# Etude mathématique et analyse asymptotique de quelques problèmes de lubrification par des fluides incompressibles essentiellement non-Newtoniens avec des conditions de non adhérence aux bords.

Abstract : In this thesis, we study some problems of lubrication by isothermal and non-isothermal non-Newtonian fluids in a thin film $\Omega^{\varepsilon}$ with the condition of Tresca at the bottom of $\Omega^{\varepsilon}$.

In the first chapter, we consider an isothermal non-Newtonian fluids whose viscosity follows the power law, we show the existence and uniqueness of the solution by using theorical results of the pseudo-monotonous operators. Then, we study the asymptotic analysis when $\varepsilon \rightarrow 0$. Thus, we obtain a limit problem, and we show the uniqueness of its solutions.

In the second chapter, we study the problem in the non-isothermal case. The problem obtained is complex and strongly nonlinear. The difficulty here is the proof of the theorem giving the existence of the solutions, as well as the a priori estimates on the gradient of the temperature.

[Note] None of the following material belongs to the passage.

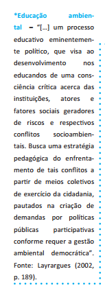 A cada dia e a cada ação que desenvolvemos, nos tornamos mais conscientes. Este material é mais uma oportunidade de, juntos, analisarmos os problemas socioambientais e as alternativas para superá- los. A esfera pública está muito mais próxima do nosso cotidiano do que se imagina, pois o poder público é responsável pelo recolhimento do lixo da nossa casa, pelo abastecimento ou controle de quem nos abastece com água e energia, pela gestão do transporte público, do trânsito por onde passamos, enfim, são muitas as oportunidades que temos para analisar e propor alternativas. Vamos vincular a teoria com a prática, com a realidade da sua cidade, do seu bairro e da sua casa.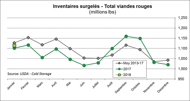 - Inventaires surgelés de bœuf à 500 M lbs, soit 2% de plus qu’en décembre mais 7% de moins que l’an dernier

In the third chapter, we study the Navier-Stokes equation, where the parameter $\varepsilon$ is also present in the movement equation in the form of the Reynolds number $\varepsilon^{\gamma}$ , and in the condition of friction of Tresca. We show the existence and the uniqueness of the solutions under a condition on $\varepsilon$ and $\gamma$. By a similar technics to that used in the previous chapters, we obtain the convergence results of the solution towards the limit problem solution.

In the last chapter, we treat another model of non-Newtonian fluids, the viscoplastic fluids of Bingham. We suppose in more of the condition of Tresca, another condition of Fourier at the Top of $\Omega^{\varepsilon}$. The difficulties here are technical and relate to the a priori estimates, especially to estimate the terms at boundaries.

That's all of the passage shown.